The refinery has been shuttered for more than two years; thousands of workers have been retrenched and the economy of the Southland, in particular, has been devastated. So when these political hustlers; these confidence tricksters; these agents of foreign capital and the one per cent tell you to stand up, is best you run!
So the government has already signalled its intention to privatise the port in Port of Spain, to further divest the Point Lisas Industrial Port Development Company, to dismantle National Petroleum, free up the price of fuel and place the fuel sector in the hands of private operators (financiers? party hacks?).
It is also frantically looking for a foreign (Chinese?) investor to take control of our pitch lake and get rid of the Trinidad Lake Asphalt company. It is clear that WASA is getting rid of half its workforce.

Is it any surprise, therefore, that Minister Imbert has set his sights on National Petroleum and has blamed the industrial court for awarding a wage increase of 7% for the period 2011-2014 which, he claims, ‘As a result of that award by the industrial court, NP is now running at a loss every month in the vicinity of 15 to 20 million dollars’?
This statement was made on 26 January 2021 at the 12th sitting of the Senate.
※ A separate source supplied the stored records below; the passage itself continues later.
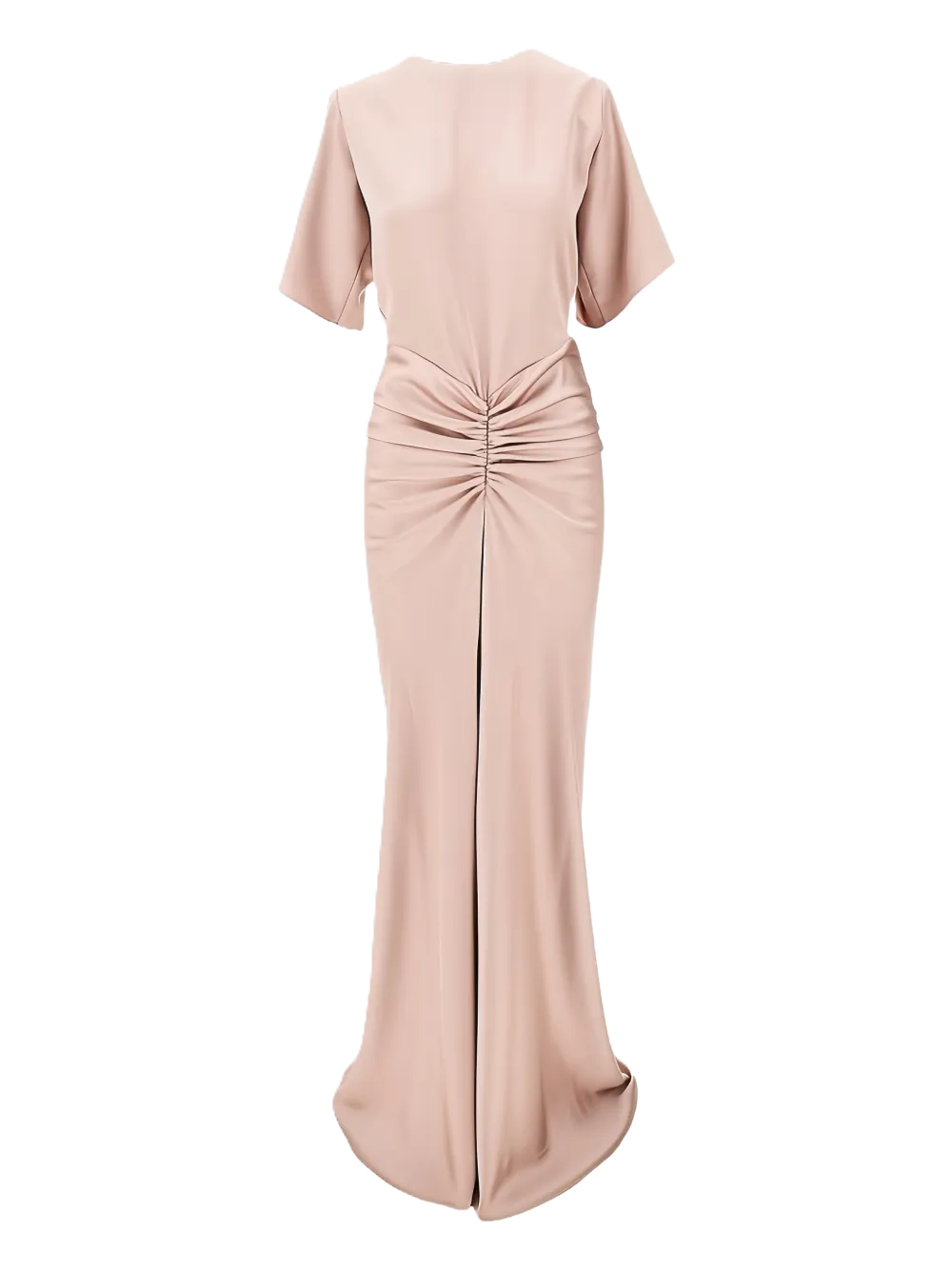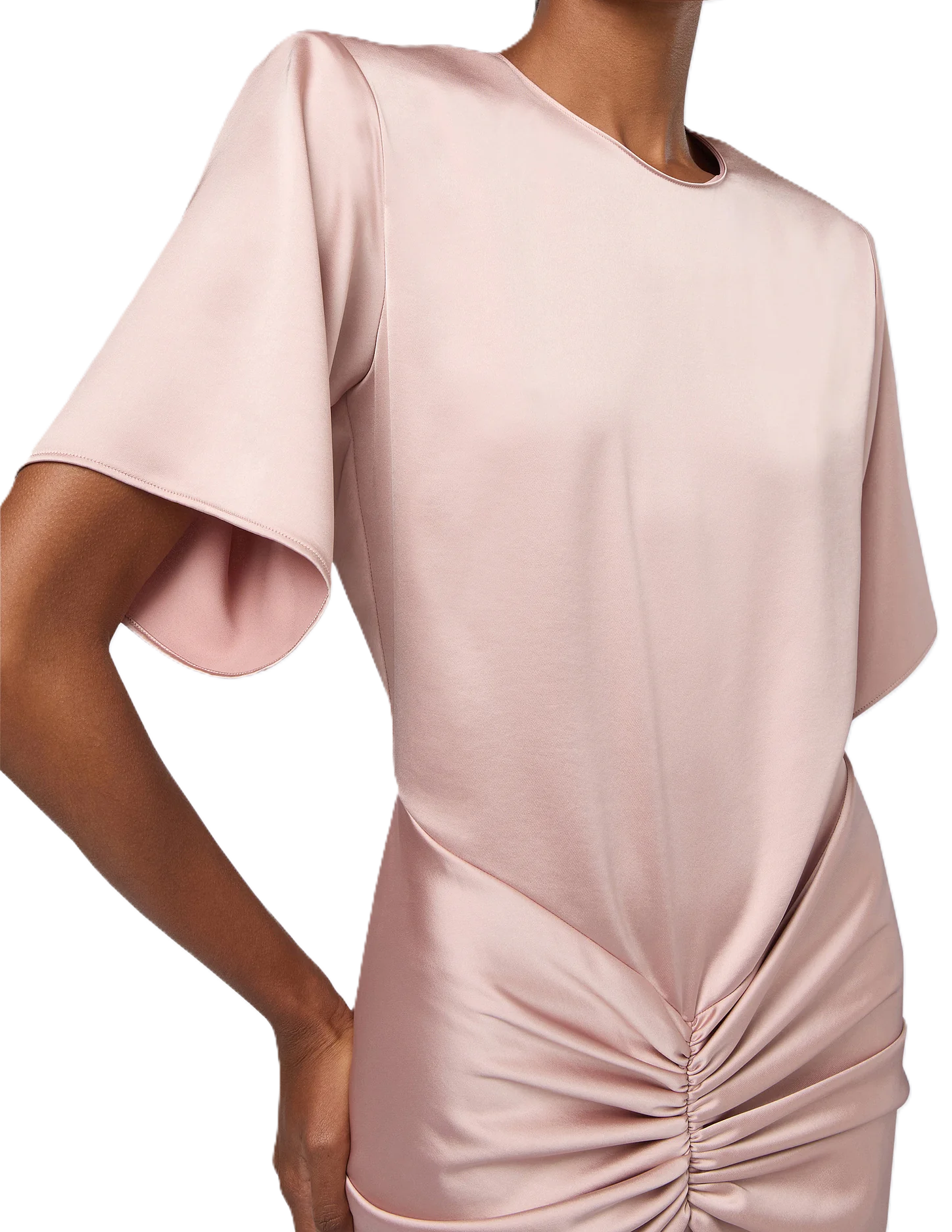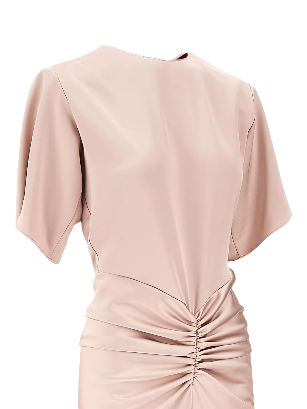 Abito rosa, maniche corte, ruches, girocollo, chiusura posteriore con zip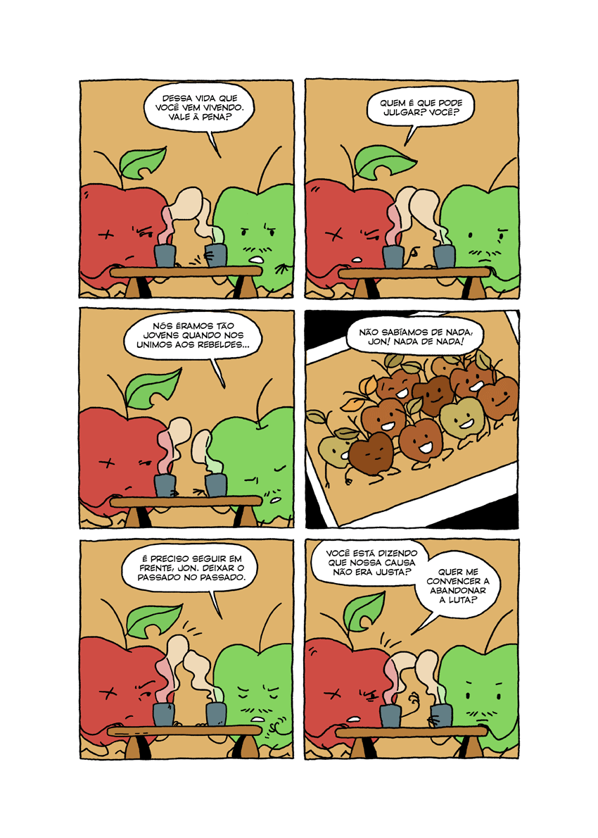 Esta é uma história sobre frutas. Frutas heroicas, comuns e covardes. E, para Jon, esta não é uma história sobre salvar a própria casca, mas uma história de vingança e redenção.
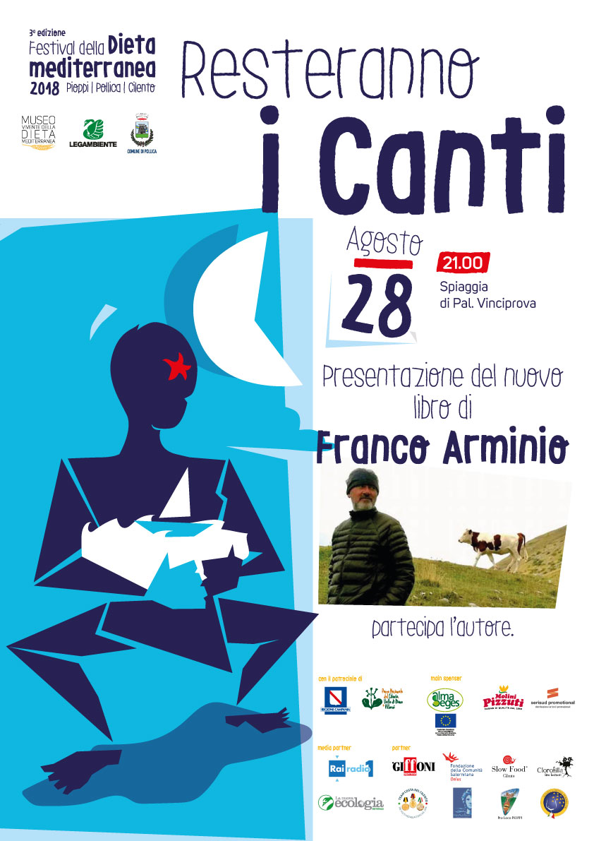 Anche quest’anno il Festival della Dieta mediterranea di Pioppi ospiterà il poeta-paesologo Franco Arminio. L’appuntamento con l’autore è per martedì 28 agosto alle ore 21.00 presso il giardino di Palazzo Vinciprova, sede del Museo Vivente della Dieta mediterranea. Per l’occasione Arminio presenterà il suo ultimo libro, “Resteranno i canti”, una raccolta di poesie che oscillano fra natura e corpo, vita e morte, dolore e ribellione.

A little later in the statement, he went on to say that NP had to find $200m per month.
In a statement issued at a press conference on 10 February, the minister stated: “NP has moved from barely breaking even to a loss position of over $50m in 2020, which is just not sustainable.” If you are confused over the differences in the figures, join the club!
In a statement dated 14 February, Minister Imbert said (referring to himself): “The minister did not refer to a wage increase of 11% at this press conference.”
But he did state in the Senate on 26 January: “I know it is within the range of 10 to 11% salary increase.”
Again, when politicians tell you run, is best you stand up!
All this rigmarole that Minister Imbert has gone into is really to set the stage for entrenching the austerity programme the IMF has long been advising: privatisation, deregulation, the reduction of the public sector, wage suppression.
This austerity, of course, involves the weakening of the trade unions through the hiving off of the health sector, a de facto wage freeze at 2013 rates, the wholesale introduction of fixed-term contracts over recent decades and the seduction of trade union leaders by the conglomerates and the political parties.
Now that it is convinced that the trade union movement is no longer able to protect, advance and defend the interests of working people in a consistent and militant fashion, the government has turned its attention to the industrial court. This is ironic because the industrial court was set up to curb the gains the working class had made through exercising the power of numbers and the power over production.
To a large extent, 50 years later, it has more or less succeeded in extracting the militant teeth of the trade unions, and the very court which channelled union militancy into bush lawyerism is now on the chopping block. Why?

The very weakness of the trade unions at the workplace has shifted the class struggle from the point of production into the industrial court. The court, while not dispensing ‘justice’—a concept which has nothing to do with the law—at least offers some remedy to the grievous exploitation by employers.
So here we are, in the midst of social and economic collapse, with workers struggling to keep their families whole, having to deal with Mr ‘dey-ent-riot-yet’ threatening to throw more workers on the breadline.
In his own words on 10 February: “… by next month, the retail fuels sector should be fully liberalised, thus removing the requirement for a fuel subsidy…We also expect that the Regulated Industries Commission will adjudicate on appropriate levels of water and electricity rates in 2021 …
“In this context, demands from Trade Unions for wage increases, with associated billions of dollars in back pay, are difficult to understand … if excessive wage increases are granted in the state sector, then employment levels may have to be reduced …”
There you have it from the horse’s mouth: shut up and behave allyuh self. If allyuh try to keep up with cost of living you will end up on the street. Our response should be, like Brother Resistance: the people ent taking dat so! The people ent taking dat!